10 Great Horror Movie Characters Ruined By Terrible Sequels
2. Battle Royale II: Requiem - Shuya
In the brilliant Battle Royale, Shuya Nanahara (Tatsuya Fujiwara) is a down-to-earth everyman, the kind of blank-slate audience surrogate great for this kind of outlandish story. He's likeable, he's empathetic and viewers will be glad that he survived. In this movie, he's last seen fleeing from the authorities alongside fellow survivor Noriko (Aki Maeda) and it'd be pretend his story ended there.
In Battle Royale II: Requiem, the appalling sequel released in 2003, Noriko largely escaped unscathed as she only appears very briefly. Shuya, on the other hand, takes a central role. He's now an Osama Bin Laden-esque terrorist waging war on the Japanese government. Yes, that's actually what happens.
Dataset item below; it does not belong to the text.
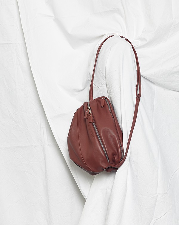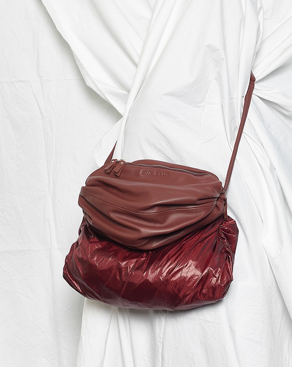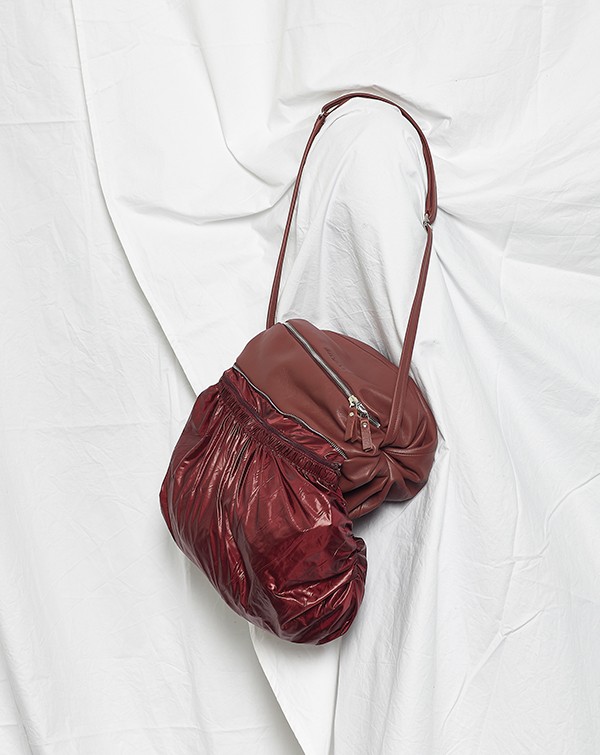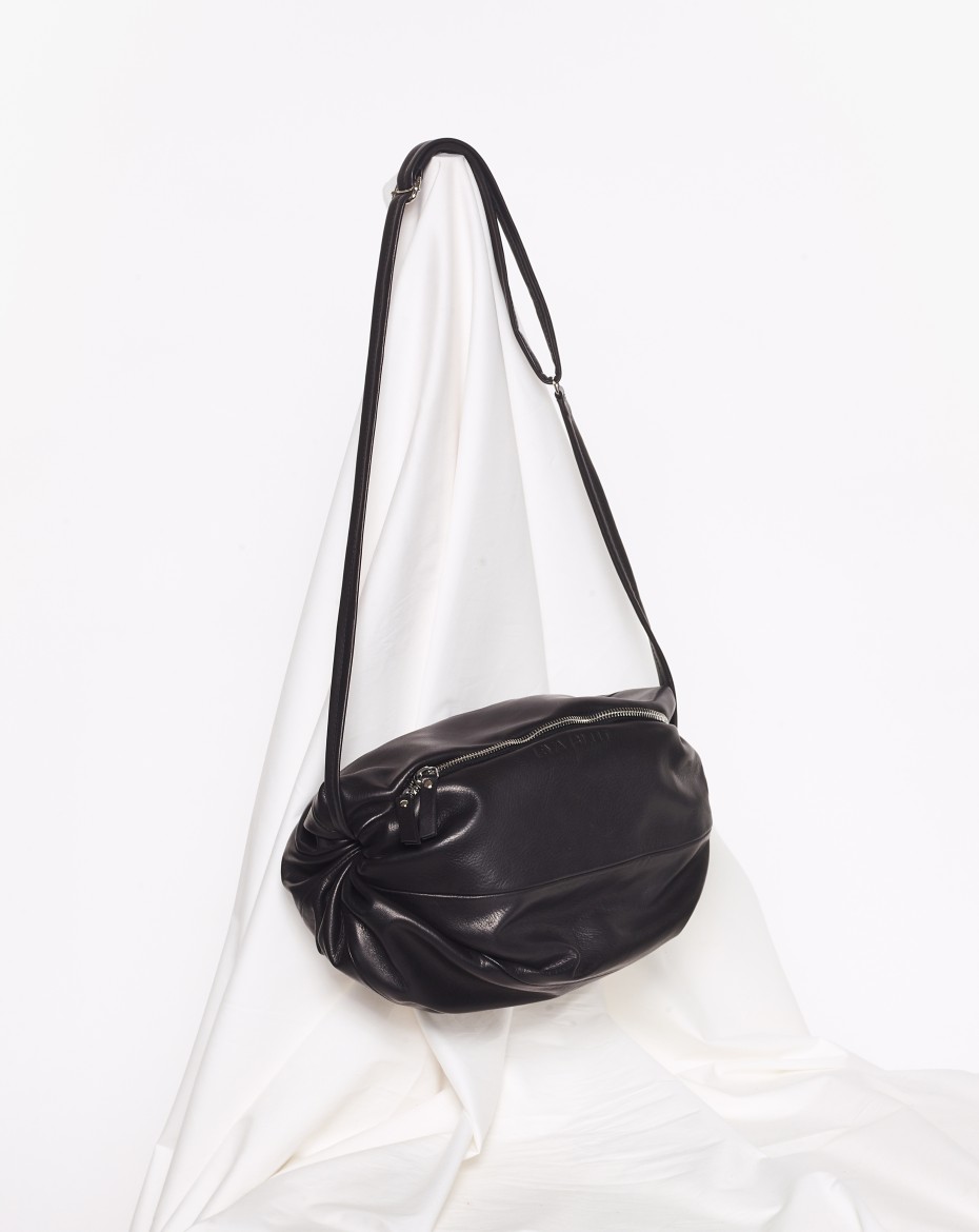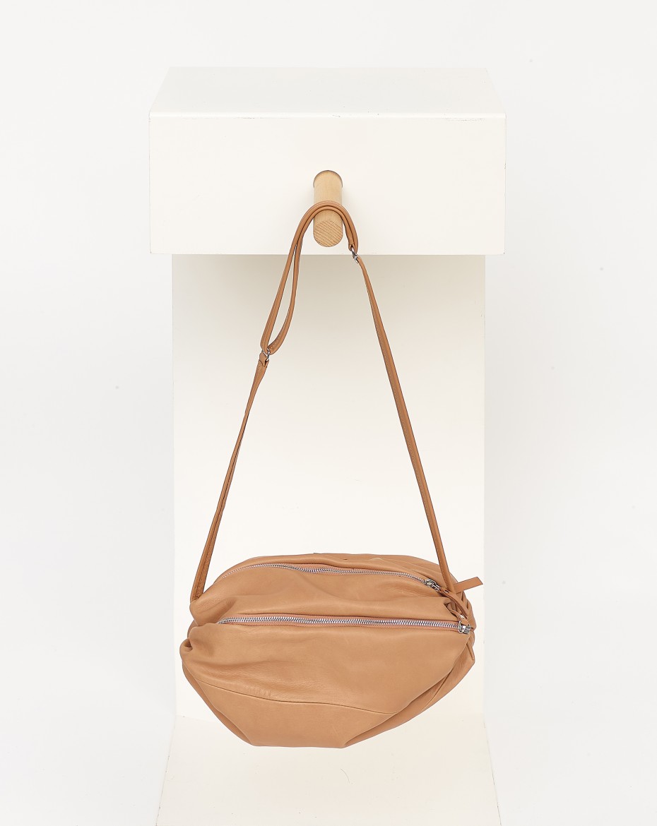 La Bomba ist eine kleine Crossbody-Tasche in weicher plissierter Kugelform. Eine kleine Tasche die sich mit dem integrierten airbag vergrößern lässt, wenn man mehr Raum braucht.

Turning a peaceful, decent kid into a violent mass murderer was bad enough on its own, but making him the leader of a clear Al-Qaeda stand-in group took this to the next level. The movie portrays Shuya is a sympathetic antihero even though he's established as having killed thousands upon thousands of innocent people in an attack that's a transparent allusion to 9/11. What the hell is this?
As well as being a bad sequel, Battle Royale II is also one of the most offensive films ever produced, the kind of thing so morally repugnant one wishes it didn't exist.